_ENTRIES SHOWN_.
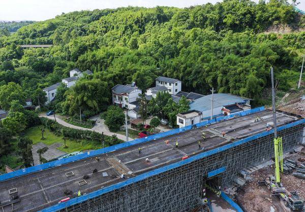 这是5月2日拍摄的重庆科学大道一期工程上盖隧道项目施工作业现场(无人机照片)。新华社记者王全超摄
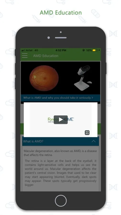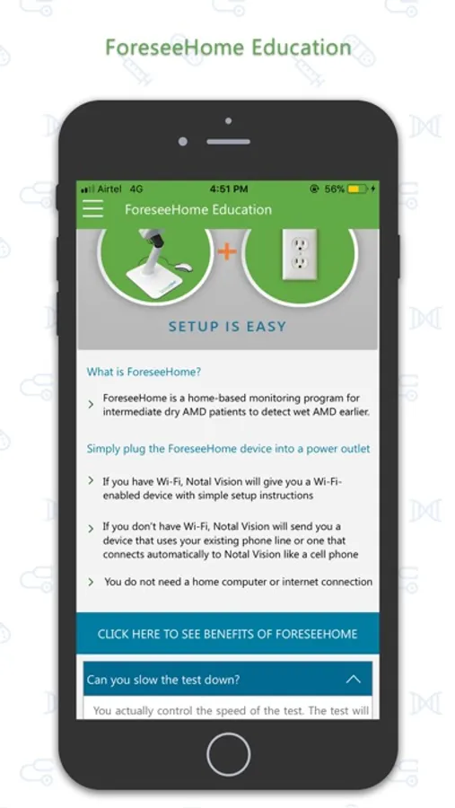ForeseeHome, a product of Notal Vision, is a home-based ophthalmology diagnostic device that can detect wet Macular Degeneration earlier to help preserve your vision. The patient app allows you to review your testing reports, learn more about macular degeneration and the ForeseeHome program, and contact us
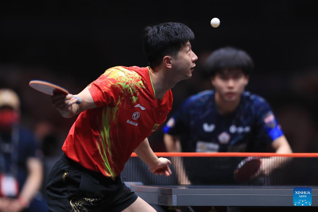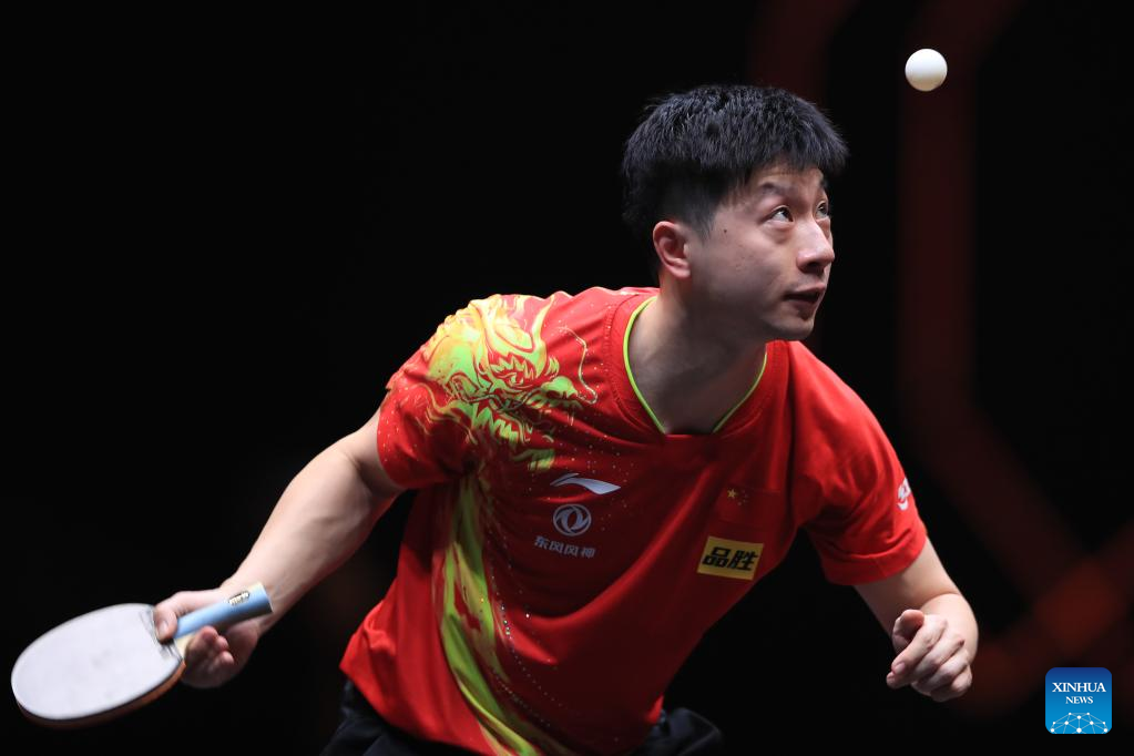Ma Long of China serves during the men's singles quarterfinal match against Lin Yun-Ju of Chinese Taipei at the WTT Cup Finals in Xinxiang, central China's Henan Province, Oct. 28, 2022. (Photo by Gao Zhiyong/Xinhua)
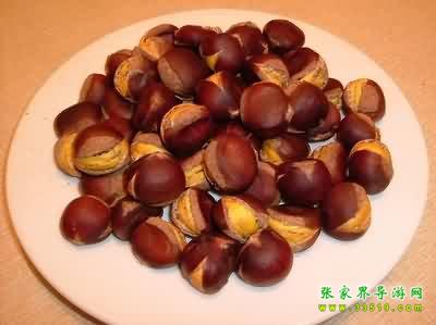 板栗與尖栗(俗名“漩栗”),山毛櫸科,是木本植物,主要含淀粉、糖等,在武陵源區(qū)各景區(qū)都有廣泛的分布。它們是多年生落葉喬木,一般樹高3至5米到10米左右。栗樹春末夏初開花,夏天生長,秋天結(jié)實(shí)。果實(shí)成球形,外殼帶刺,里面栗子光滑成紫色,所以農(nóng)家有“娘被千針衫,兒穿紫龍袍”的謎語。板栗成熟以后,外殼便自然張開,栗子隨風(fēng)脫落。如在板栗林里撿栗子,倒是一大樂趣。“白露”過后,板栗大量成熟,滿樹的栗球都張開了笑口,一遇到颯颯吹來,栗子便唏唏唰唰唰隨風(fēng)脫落,滾進(jìn)山溝里或低洼處,如果運(yùn)氣好,可以撿到一窩一窩的板栗,有時(shí)可以撿幾十斤。
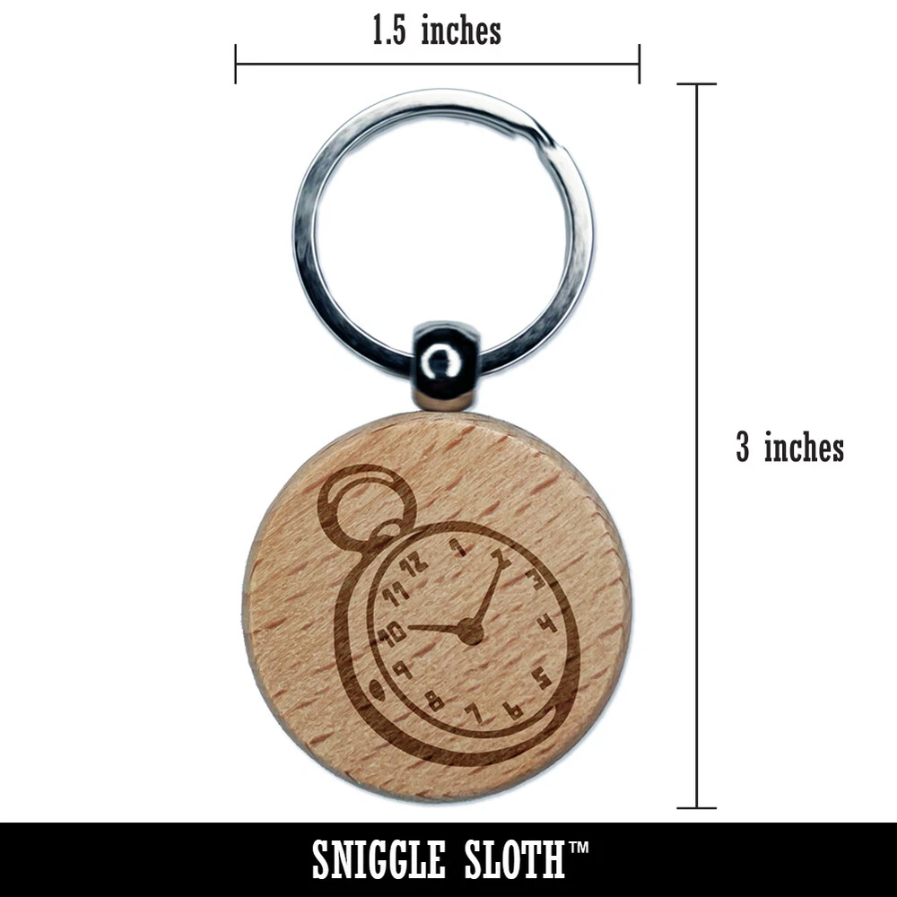 Pocket Watch Engraved Wood Round Keychain Tag Charm
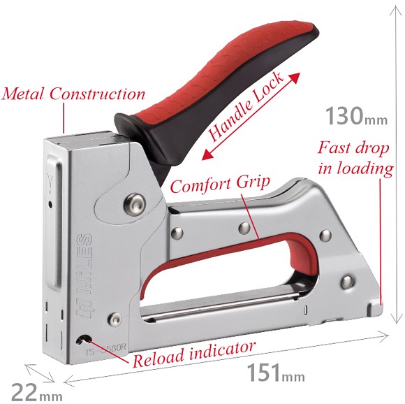 All metal robust construction. Compact design with no loose part. Easy drop-in loading with reload indicator. Handle lock for easy storage. Elegant soft rubber grip for extra working comfort.
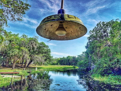 One of a kind. Licence plates from every state. Uniform patches of firemen ,police, service men. Taxidermist prepared wild life from squirrels, birds,fish, snakes alligators and more. Screened porch dining faces river. Watch birds & squirrels. Dont get too close to water... alligators! Great food. Could be a bit hard to find. Looks run down from parking lot. Very old RV park, picnic table @ each site. Lots of trees, squirrels,birds. Not the RV park with only a concrete pad between coaches! But we have heard it is destined for demolition everyone will need to relocate) and a complete renovation.
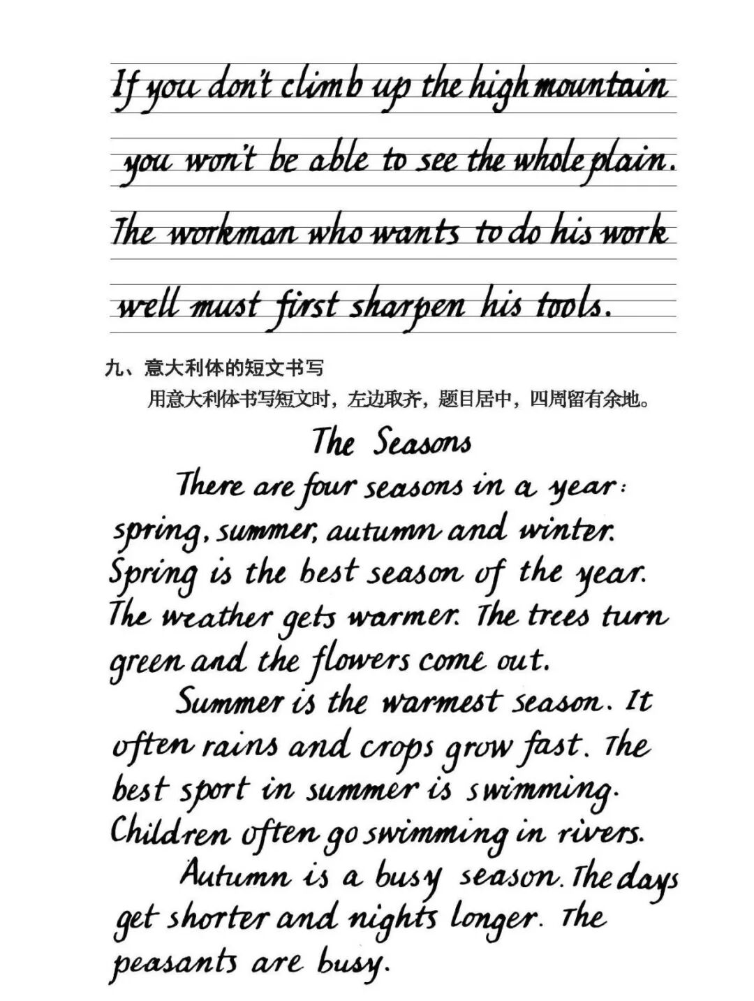 小写字母a,c,e,m,n,o,r,s,u,v,w,x,z要写在中间的一格里,上下抵线,但不要出格。
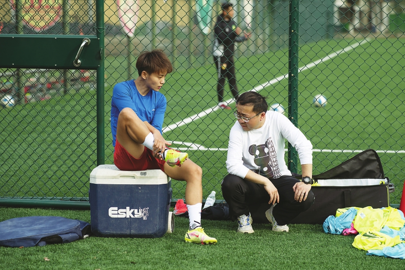四月的武汉艳阳高照。在居民楼与学校环绕的一片寂静绿地上,中国女子金球奖“大四喜”得主王霜与一群十四五岁的学生球员进行区域逼抢训练后,望着他们拉伸的方向若有所思。
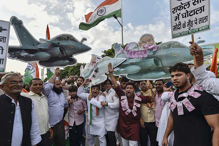 রাফাল চুক্তি নিয়ে নয়াদিল্লিতে বিক্ষোভ কংগ্রেসের।—ছবি পিটিআই।

_THE PROBLEM_. Every entry above should be returned exactly, with no images included.

_ANSWER FOR THE TASK_.
 这是5月2日拍摄的重庆科学大道一期工程上盖隧道项目施工作业现场(无人机照片)。新华社记者王全超摄
ForeseeHome, a product of Notal Vision, is a home-based ophthalmology diagnostic device that can detect wet Macular Degeneration earlier to help preserve your vision. The patient app allows you to review your testing reports, learn more about macular degeneration and the ForeseeHome program, and contact us
Ma Long of China serves during the men's singles quarterfinal match against Lin Yun-Ju of Chinese Taipei at the WTT Cup Finals in Xinxiang, central China's Henan Province, Oct. 28, 2022. (Photo by Gao Zhiyong/Xinhua)
 板栗與尖栗(俗名“漩栗”),山毛櫸科,是木本植物,主要含淀粉、糖等,在武陵源區(qū)各景區(qū)都有廣泛的分布。它們是多年生落葉喬木,一般樹高3至5米到10米左右。栗樹春末夏初開花,夏天生長,秋天結(jié)實(shí)。果實(shí)成球形,外殼帶刺,里面栗子光滑成紫色,所以農(nóng)家有“娘被千針衫,兒穿紫龍袍”的謎語。板栗成熟以后,外殼便自然張開,栗子隨風(fēng)脫落。如在板栗林里撿栗子,倒是一大樂趣。“白露”過后,板栗大量成熟,滿樹的栗球都張開了笑口,一遇到颯颯吹來,栗子便唏唏唰唰唰隨風(fēng)脫落,滾進(jìn)山溝里或低洼處,如果運(yùn)氣好,可以撿到一窩一窩的板栗,有時(shí)可以撿幾十斤。
 Pocket Watch Engraved Wood Round Keychain Tag Charm
 All metal robust construction. Compact design with no loose part. Easy drop-in loading with reload indicator. Handle lock for easy storage. Elegant soft rubber grip for extra working comfort.
 One of a kind. Licence plates from every state. Uniform patches of firemen ,police, service men. Taxidermist prepared wild life from squirrels, birds,fish, snakes alligators and more. Screened porch dining faces river. Watch birds & squirrels. Dont get too close to water... alligators! Great food. Could be a bit hard to find. Looks run down from parking lot. Very old RV park, picnic table @ each site. Lots of trees, squirrels,birds. Not the RV park with only a concrete pad between coaches! But we have heard it is destined for demolition everyone will need to relocate) and a complete renovation.
 小写字母a,c,e,m,n,o,r,s,u,v,w,x,z要写在中间的一格里,上下抵线,但不要出格。
四月的武汉艳阳高照。在居民楼与学校环绕的一片寂静绿地上,中国女子金球奖“大四喜”得主王霜与一群十四五岁的学生球员进行区域逼抢训练后,望着他们拉伸的方向若有所思。
 রাফাল চুক্তি নিয়ে নয়াদিল্লিতে বিক্ষোভ কংগ্রেসের।—ছবি পিটিআই।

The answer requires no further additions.